Dosimetric Comparison of Treatment Plans Computed With Finite Size Pencil Beam and Monte Carlo Algorithms Using the InCise™ Multileaf Collimator-Equipped Cyberknife® System

Kalpani Nisansala Udeni Galpayage Dona; Charles Shang; Theodora Leventouri

doi:10.4103/jmp.JMP_64_19

Dosimetric Comparison of Treatment Plans Computed With Finite Size Pencil Beam and Monte Carlo Algorithms Using the InCise™ Multileaf Collimator-Equipped Cyberknife^® System

J Med Phys. 2020 Jan-Mar;45(1):7-15. doi: 10.4103/jmp.JMP_64_19. Epub 2020 Mar 13.

Authors

Kalpani Nisansala Udeni Galpayage Dona¹, Charles Shang^{1

2}, Theodora Leventouri¹

Affiliations

¹ Department of Physics, Florida Atlantic University, Boca Raton, Florida, USA.
² South Florida Proton Therapy Institute, Delray Beach, Florida, USA.

Abstract

Purpose: InCise™ multileaf collimator (MLC) was introduced for CyberKnife^® (CK) Robotic Radiosurgery System (CK-MLC) in 2015, and finite size pencil beam (FSPB) was the only available dose computation algorithm for treatment plans of CK-MLC system. The more advanced Monte Carlo (MC) dose calculation algorithm of lnCise™ was initially released in 2017 for the CK Precision™ treatment planning system (TPS) (v1.1) with new graphic processing unit (GPU) platform. GPU based TPS of the CK offers more accurate, faster treatment planning time and intuitive user interface with smart three-dimensional editing tools and fully automated autosegmentation tools. The MC algorithm used in CK TPS simulates the energy deposited by each individual photon and secondary particles to calculate more accurate dose. In the present study, the dose disparities between MC and FSPB algorithms for selected Stereotactic Ablative Radiation Therapy (SABR) CK-MLC treatment plans are quantified.

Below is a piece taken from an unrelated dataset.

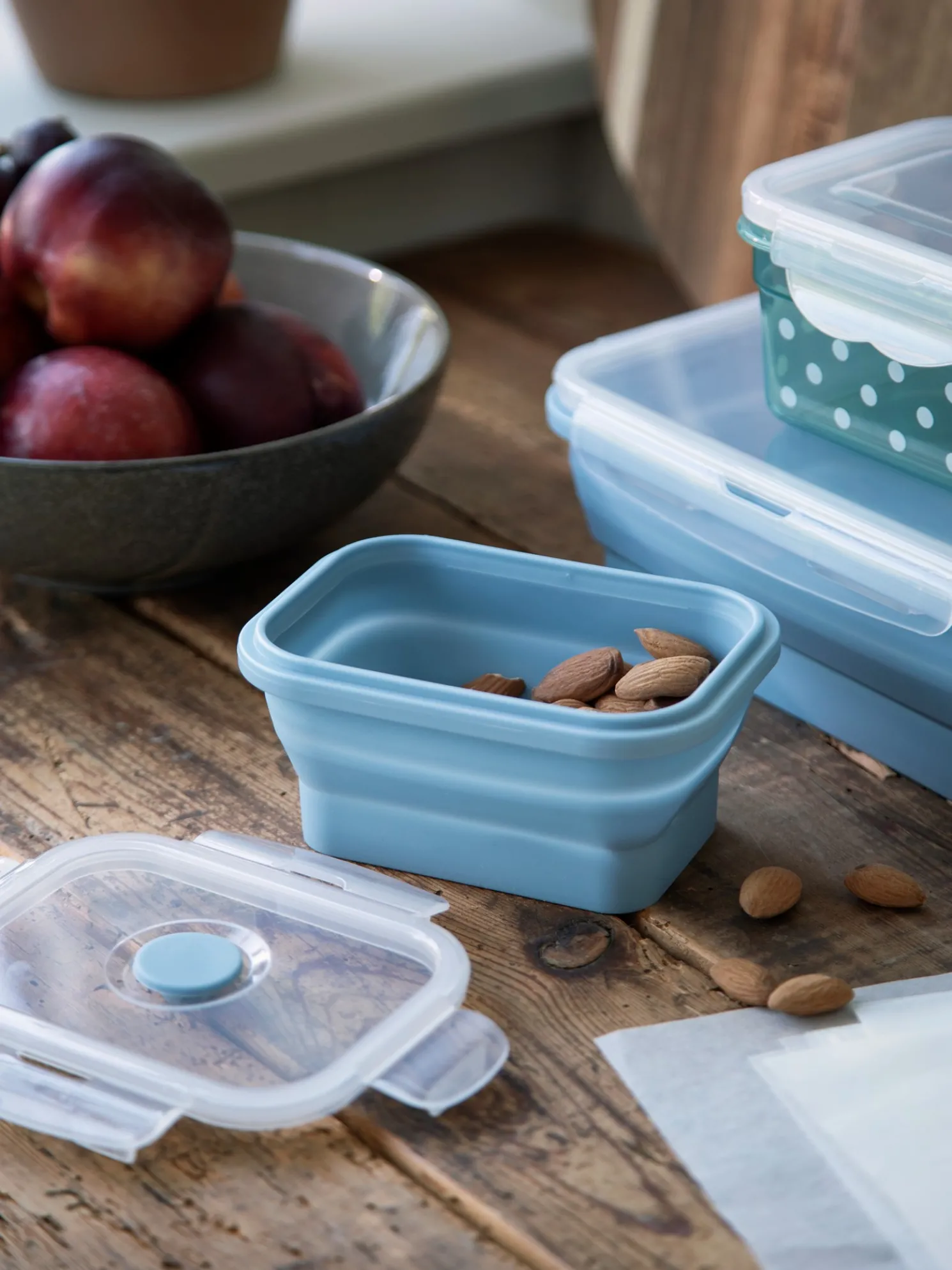 Der Lebensmittelbehälter der Schwestern besteht aus Silikon und Polypropylen. Er kann zur einfachen Aufbewahrung zusammengeklappt werden.Der Behälter ist mikrowellen-, spülmaschinen- und gefrierfest. Der Deckel ist jedoch nicht mikrowellengeeignet.
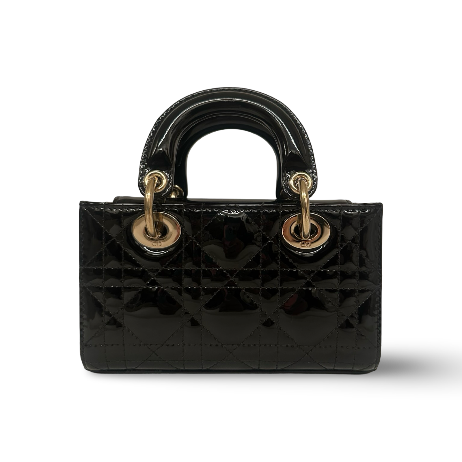 Dior Classic Patent Mini D-Joy Lady Bag - GHW / Black

Materials and methods: A total of 80 CK-MLC SABR plans computed with FSPB were retrospectively reviewed and compared with MC computed results, including plans for detached lung cancer (or tumors fully surrounded by lung tissues, n = 21), nondetached lung cancer (or tumor touched the chest wall or mediastinum, n = 23), intracranial (n = 21), and pancreas lesions (n = 15). Dosimetric parameters of each planning target volume and major organs at risk (OAR) are compared in terms of normalized percentage deviations (N _dev).

Results: This study revealed an average of 24.4% overestimated D₉₅ values in plans using FSPB over MC for detached lung (n = 21) and 14.9% for nondetached lung (n = 23) lesions. No significant dose differences are found in intracranial (0.3%, n = 21) and pancreatic (0.9%, n = 15) cases. Furthermore, no significant differences were found in N_dev of OARs.

Conclusion: In this study, it was found that FSPB overestimates dose to inhomogeneous treatment sites. This indicates, the employment of MC algorithm in CK-MLC-based lung SABR treatment plans is strongly suggested.

Keywords: Conformity Index; CyberKnife; Monte Carlo; finite size pencil beam; homogeneity index; stereotactic ablative radiation therapy; tissue heterogeneity.